The pictures stay out. Please retype every line below exactly.

▶ **Data shown**:
++++++++++

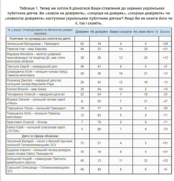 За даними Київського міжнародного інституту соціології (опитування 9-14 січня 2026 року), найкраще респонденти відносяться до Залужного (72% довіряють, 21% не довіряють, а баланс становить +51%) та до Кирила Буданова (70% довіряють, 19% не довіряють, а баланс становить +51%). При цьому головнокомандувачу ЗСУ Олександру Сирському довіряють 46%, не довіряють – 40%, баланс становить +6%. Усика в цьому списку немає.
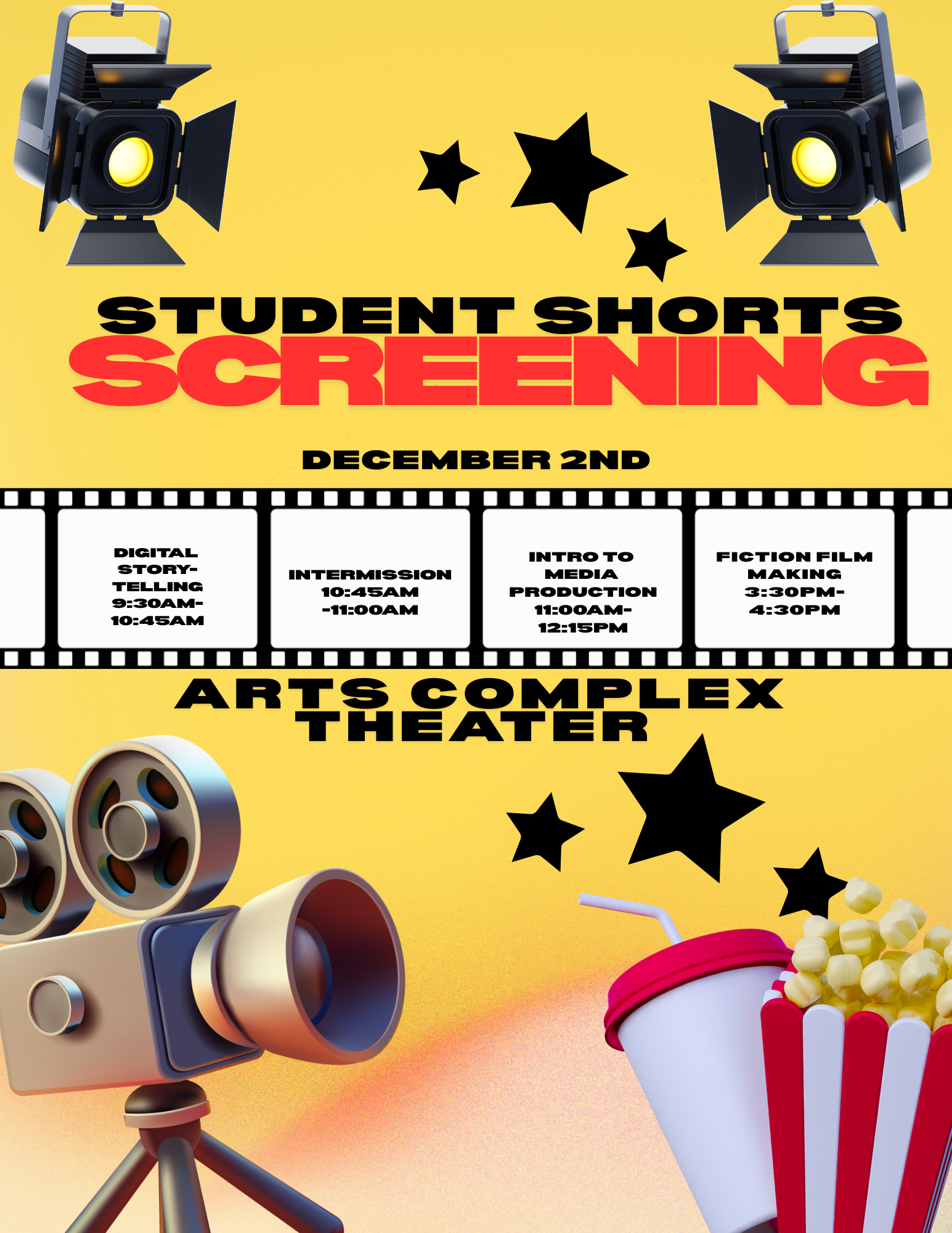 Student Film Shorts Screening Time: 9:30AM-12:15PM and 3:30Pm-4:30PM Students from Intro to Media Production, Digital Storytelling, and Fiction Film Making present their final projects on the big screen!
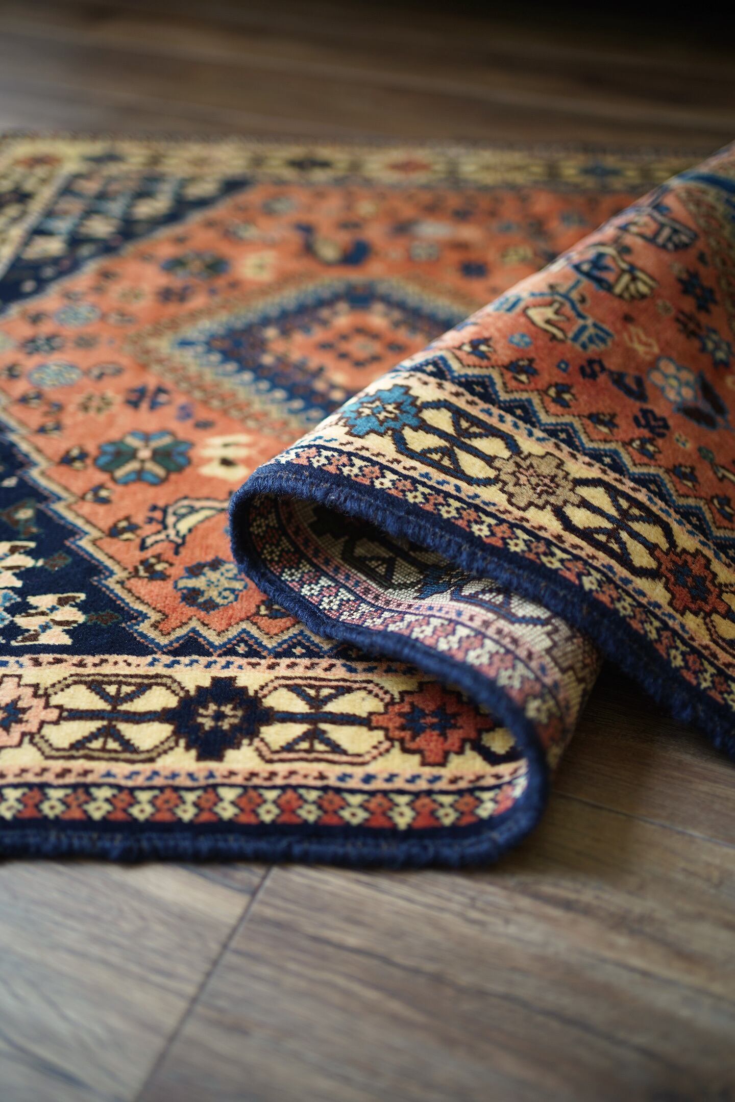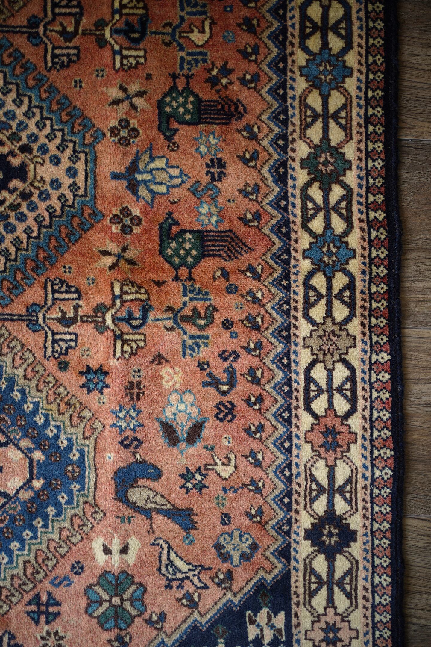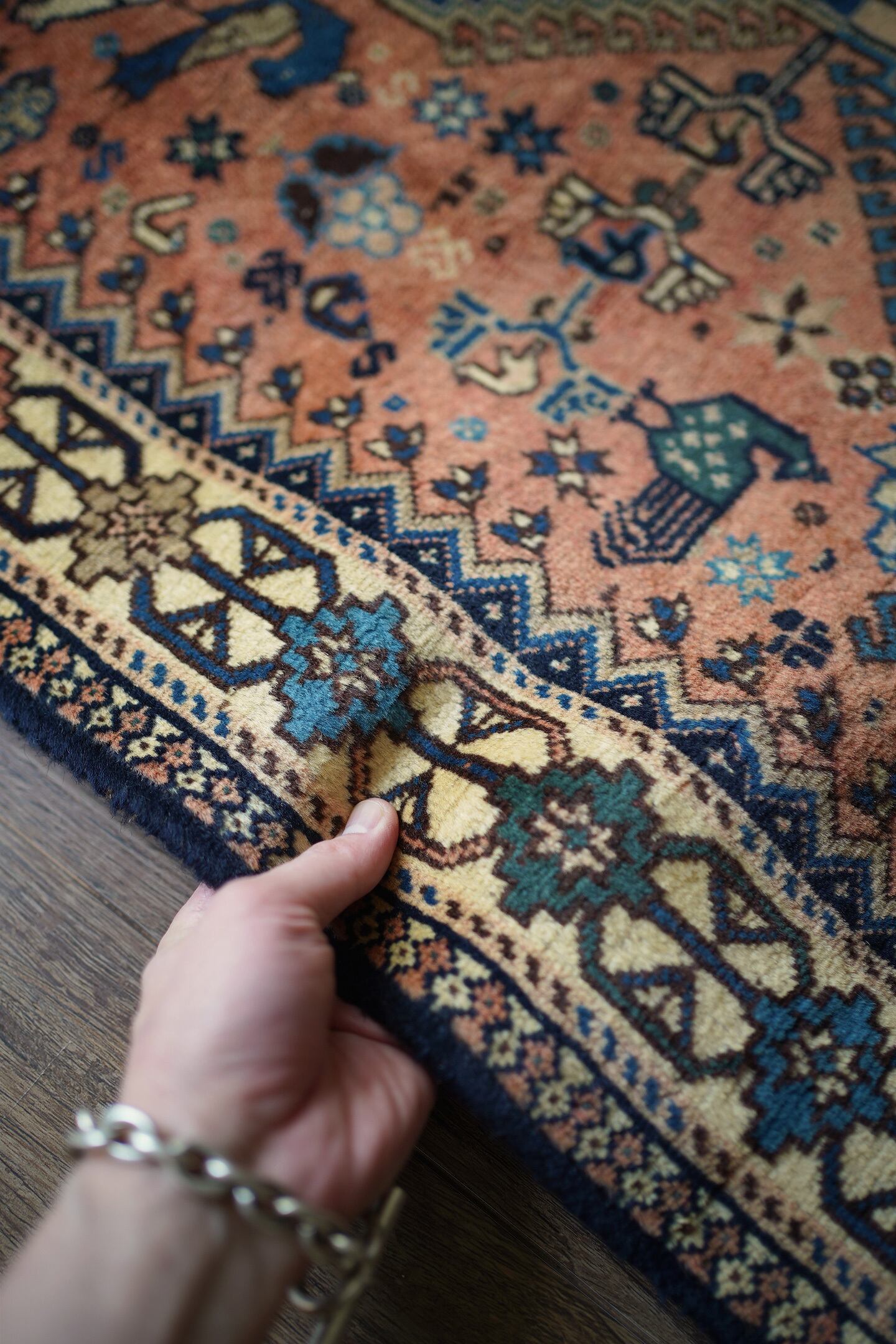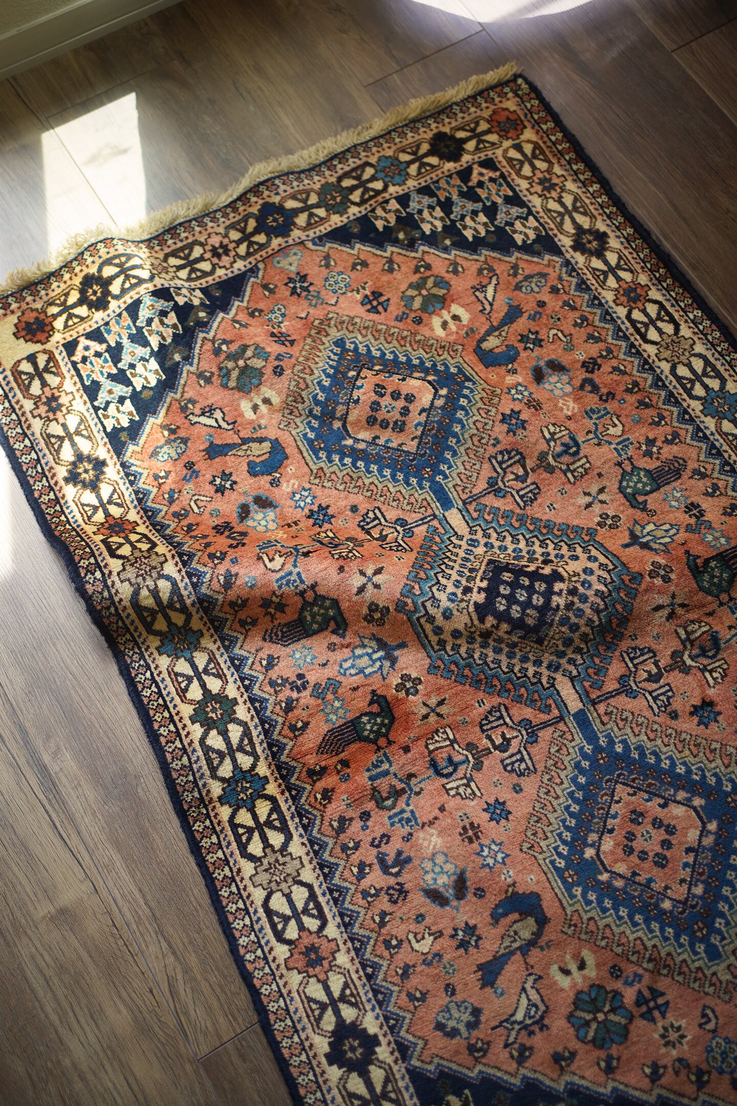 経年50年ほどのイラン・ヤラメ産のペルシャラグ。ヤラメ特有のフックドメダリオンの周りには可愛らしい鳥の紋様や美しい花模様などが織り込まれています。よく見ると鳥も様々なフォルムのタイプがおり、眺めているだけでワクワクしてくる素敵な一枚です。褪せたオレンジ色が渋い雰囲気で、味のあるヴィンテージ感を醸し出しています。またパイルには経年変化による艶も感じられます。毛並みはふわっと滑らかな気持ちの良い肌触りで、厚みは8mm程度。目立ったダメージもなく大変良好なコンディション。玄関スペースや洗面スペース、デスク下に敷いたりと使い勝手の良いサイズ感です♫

++++++++++

▶ **Task response**:
 За даними Київського міжнародного інституту соціології (опитування 9-14 січня 2026 року), найкраще респонденти відносяться до Залужного (72% довіряють, 21% не довіряють, а баланс становить +51%) та до Кирила Буданова (70% довіряють, 19% не довіряють, а баланс становить +51%). При цьому головнокомандувачу ЗСУ Олександру Сирському довіряють 46%, не довіряють – 40%, баланс становить +6%. Усика в цьому списку немає.
 Student Film Shorts Screening Time: 9:30AM-12:15PM and 3:30Pm-4:30PM Students from Intro to Media Production, Digital Storytelling, and Fiction Film Making present their final projects on the big screen!
 経年50年ほどのイラン・ヤラメ産のペルシャラグ。ヤラメ特有のフックドメダリオンの周りには可愛らしい鳥の紋様や美しい花模様などが織り込まれています。よく見ると鳥も様々なフォルムのタイプがおり、眺めているだけでワクワクしてくる素敵な一枚です。褪せたオレンジ色が渋い雰囲気で、味のあるヴィンテージ感を醸し出しています。またパイルには経年変化による艶も感じられます。毛並みはふわっと滑らかな気持ちの良い肌触りで、厚みは8mm程度。目立ったダメージもなく大変良好なコンディション。玄関スペースや洗面スペース、デスク下に敷いたりと使い勝手の良いサイズ感です♫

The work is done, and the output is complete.